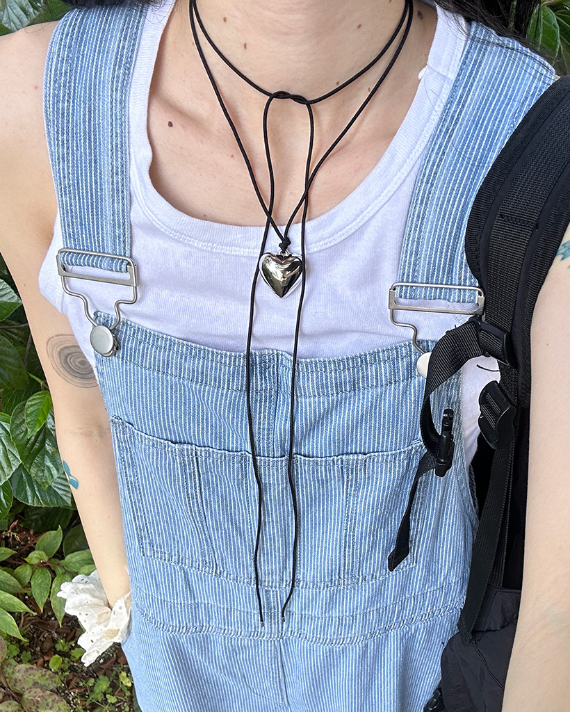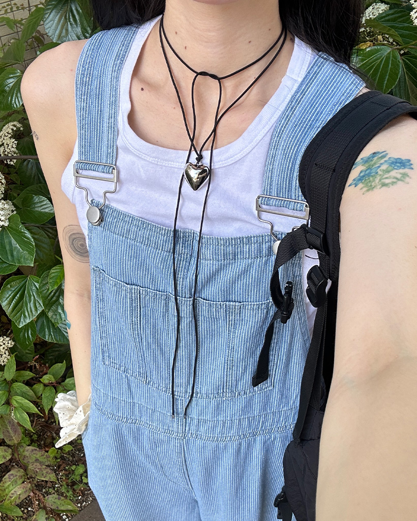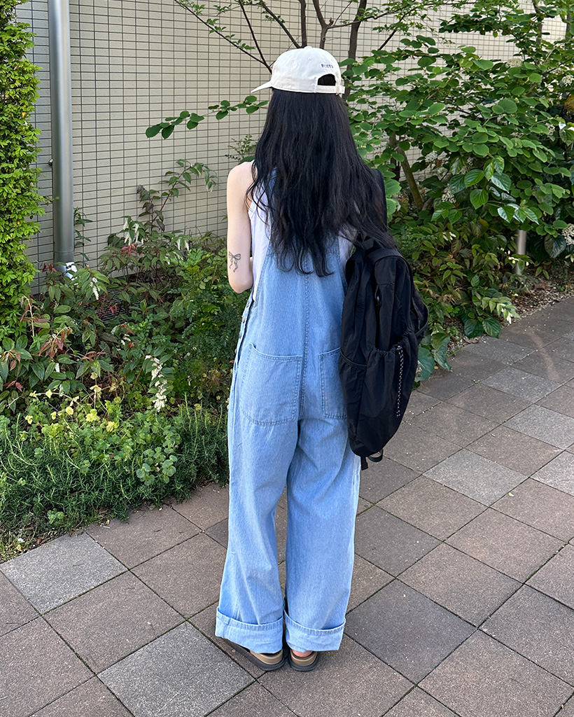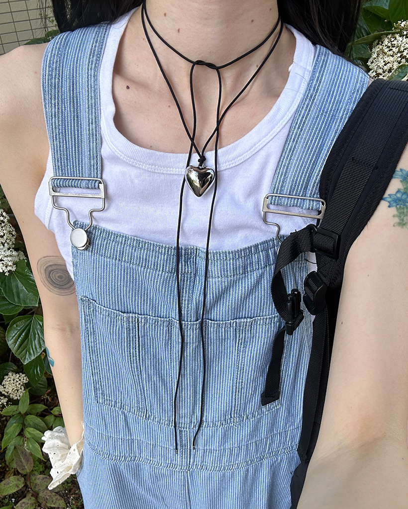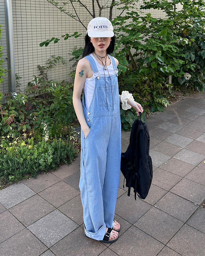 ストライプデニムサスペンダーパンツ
==
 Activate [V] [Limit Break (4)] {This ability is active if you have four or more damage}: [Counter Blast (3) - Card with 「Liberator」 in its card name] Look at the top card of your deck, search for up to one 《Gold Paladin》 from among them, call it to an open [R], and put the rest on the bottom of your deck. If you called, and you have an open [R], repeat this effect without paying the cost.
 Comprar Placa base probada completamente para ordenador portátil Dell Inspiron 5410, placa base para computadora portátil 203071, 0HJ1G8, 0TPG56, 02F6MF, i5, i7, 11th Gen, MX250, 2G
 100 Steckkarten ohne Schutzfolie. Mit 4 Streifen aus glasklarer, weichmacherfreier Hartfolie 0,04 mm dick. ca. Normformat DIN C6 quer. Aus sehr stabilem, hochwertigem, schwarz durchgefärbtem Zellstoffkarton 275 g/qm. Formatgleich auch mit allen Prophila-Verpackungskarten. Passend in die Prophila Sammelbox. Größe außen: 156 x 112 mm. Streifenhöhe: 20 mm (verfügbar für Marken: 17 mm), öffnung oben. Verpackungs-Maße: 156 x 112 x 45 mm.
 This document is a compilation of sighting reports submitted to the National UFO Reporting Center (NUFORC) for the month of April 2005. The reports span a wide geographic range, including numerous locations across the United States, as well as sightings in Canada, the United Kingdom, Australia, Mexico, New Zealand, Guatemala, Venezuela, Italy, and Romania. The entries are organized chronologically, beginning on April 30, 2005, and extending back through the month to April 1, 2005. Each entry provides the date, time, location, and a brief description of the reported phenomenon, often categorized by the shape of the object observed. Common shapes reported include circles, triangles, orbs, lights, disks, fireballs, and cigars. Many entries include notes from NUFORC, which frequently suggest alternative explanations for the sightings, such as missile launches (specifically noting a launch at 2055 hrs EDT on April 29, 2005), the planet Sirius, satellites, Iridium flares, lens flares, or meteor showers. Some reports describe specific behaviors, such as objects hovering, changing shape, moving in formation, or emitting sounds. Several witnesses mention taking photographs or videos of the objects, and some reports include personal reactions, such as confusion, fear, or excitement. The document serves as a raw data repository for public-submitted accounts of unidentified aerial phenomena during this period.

» WHAT YOU HAVE TO DO:
Return the span of lines in the data above that opens at the line with "Activate [V] [Limit" and closes at the line with "100 Steckkarten ohne", exactly, ends included, nothing else.

» SOLUTION TO THIS PROBLEM:
 Activate [V] [Limit Break (4)] {This ability is active if you have four or more damage}: [Counter Blast (3) - Card with 「Liberator」 in its card name] Look at the top card of your deck, search for up to one 《Gold Paladin》 from among them, call it to an open [R], and put the rest on the bottom of your deck. If you called, and you have an open [R], repeat this effect without paying the cost.
 Comprar Placa base probada completamente para ordenador portátil Dell Inspiron 5410, placa base para computadora portátil 203071, 0HJ1G8, 0TPG56, 02F6MF, i5, i7, 11th Gen, MX250, 2G
 100 Steckkarten ohne Schutzfolie. Mit 4 Streifen aus glasklarer, weichmacherfreier Hartfolie 0,04 mm dick. ca. Normformat DIN C6 quer. Aus sehr stabilem, hochwertigem, schwarz durchgefärbtem Zellstoffkarton 275 g/qm. Formatgleich auch mit allen Prophila-Verpackungskarten. Passend in die Prophila Sammelbox. Größe außen: 156 x 112 mm. Streifenhöhe: 20 mm (verfügbar für Marken: 17 mm), öffnung oben. Verpackungs-Maße: 156 x 112 x 45 mm.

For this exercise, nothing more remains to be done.